O quase milagre na Cidade Santa

Foto: AFP

Êta joguinho doido esse, sô!, exclamaria o mineirinho diante da tv.

Sob as bênçãos do Papa, em plena Cidade Santa, a Roma partiu em busca de mais um milagres, parecido com aquele que havia obtido diante do Barça, outro dia. E partiu com tudo sobre o Liverpool, que respondeu com um contragolpe mortal logo aos 9 minutos: Firmino intercepta passe errado de Nainggolan e serve Mané de bandeja – 1 a 0.

Mas, logo em seguida, se dá o sinal dos céus, quando Lovren rebate bola que repica na cabeça de Milner e eis o jogo empatado.

Sinal que tremeluziu aos 25 minutos quando Wijnaldum, aproveitando rebatida errada da defesa romanista, de cabeça, desempatou.

Nem assim a Roma deixou de ter fé, e, no segundo tempo, disparou a goleada que o deixou às portas do Paraíso da decisão da Liga dos Campeões, com gols de Dzeko e dois de Nainggolan (o último, em pênalti inexistente aos 48 minutos do tempo final). Mas, aí já os sinos de recolher soaram e São Pedro fechava os portões para a Roma, dizem, com um sorriso a la Madona cortando quase imperceptivelmente seus lábios serenos e solenes.

Um golzinho só a mais e tudo iria se resolver na prorrogação. E, se nela fosse reproduzido o cenário do jogo regulamentar, a Roma seria agora a finalista diante do Real, dada à infinidade de chances perdidas.

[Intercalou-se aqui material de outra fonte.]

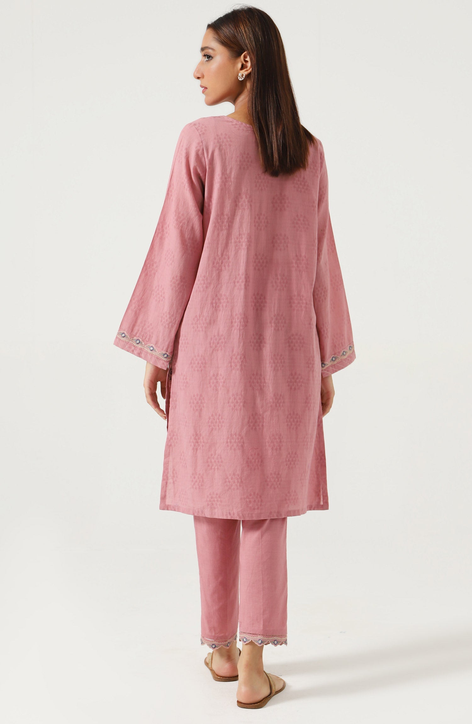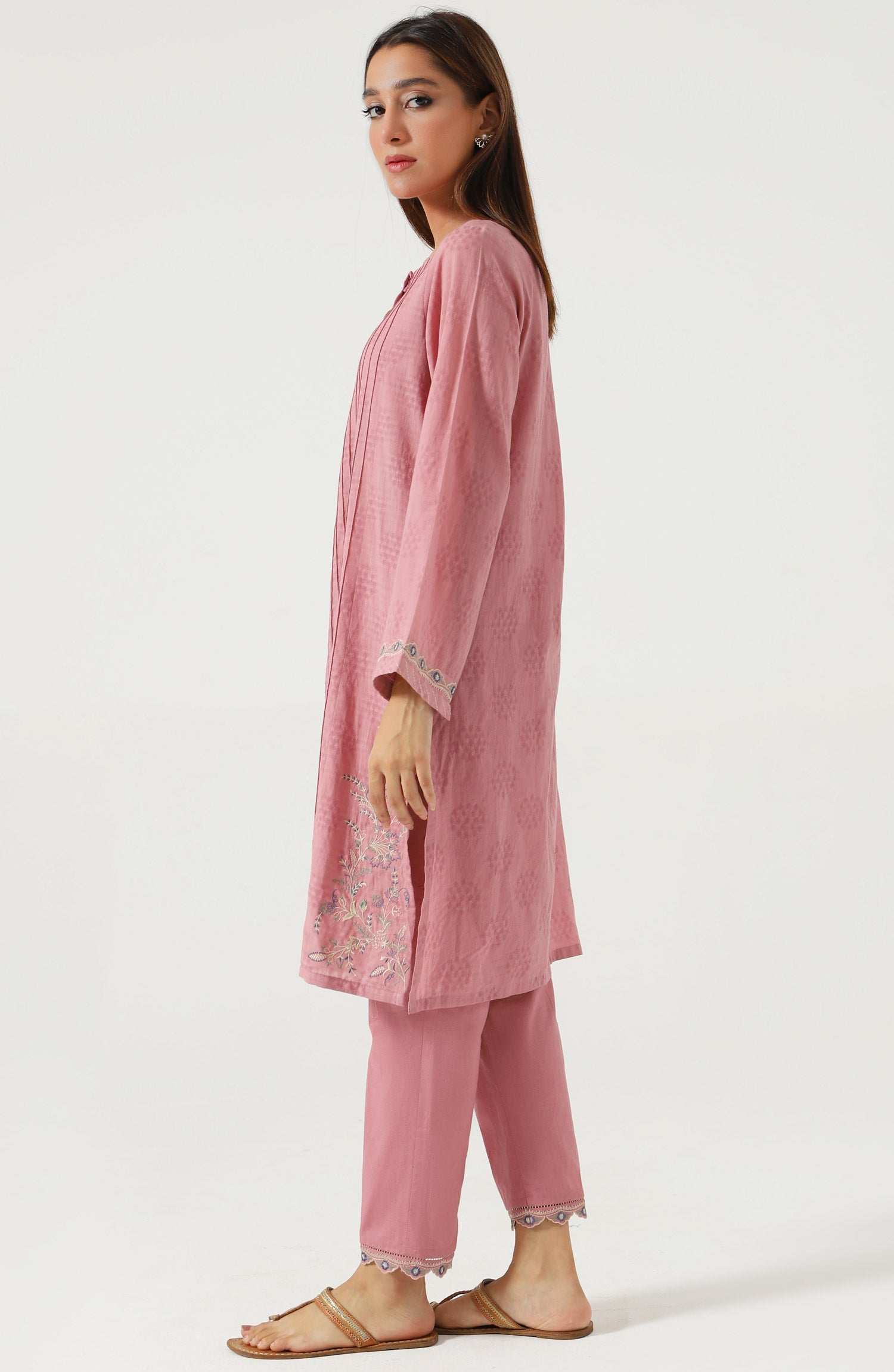 This Mauve color jacquard co-ord set with floral embroidery inspired by mughal era. It has delicate scalloped neckline detail with pintex. It is paired with matching cambric bottom with embroidery.

É que, no futebol, quem determina os milagres não é o Papa, são os deuses da bola, entidades invisíveis, que se ocultam não no Olimpo grego, mas num campo verde em algum lugar de alguma dimensão desconhecida.

PS: Agradeço aos bravos narradores, comentaristas e repórteres da tv por me advertirem que, na Holanda, fala-se mais inglês do que o neerlandês, o frísio e o alemão. Sim, porque a turma insiste em pronunciar os nomes dos jogadores holandeses do Liverpool como se faz na língua do Império. Wiljnaldum (Vilnaldum) virou Uainaldum e Van Dijk (Van Dik, simplesmente), virou Van Daik, a la americana, como diria Alberto Sordi na célebre comédia italiana dos anos 60. É a prova de de que a globalização e o multiculturalismo, na verdade, são uma falácia moderna, num mundo unicultural, aceito passivamente pelos colonizados de sempre. Claro que isso tudo é irrelevante para a imensa maioria, o que me faz lembrar da sinistra anedota antissemita quando o nazista de plantão relacionava as tragédias mundiais provocadas pelos judeus e encerrava com o exemplo do afundamento do Titanic.

– Mas o Titanic foi afundado por um iceberg. – retrucou alguém.

– Ora, Rosemberg, Iceberg, é tudo a mesma coisa.- respondeu o cretino de plantão.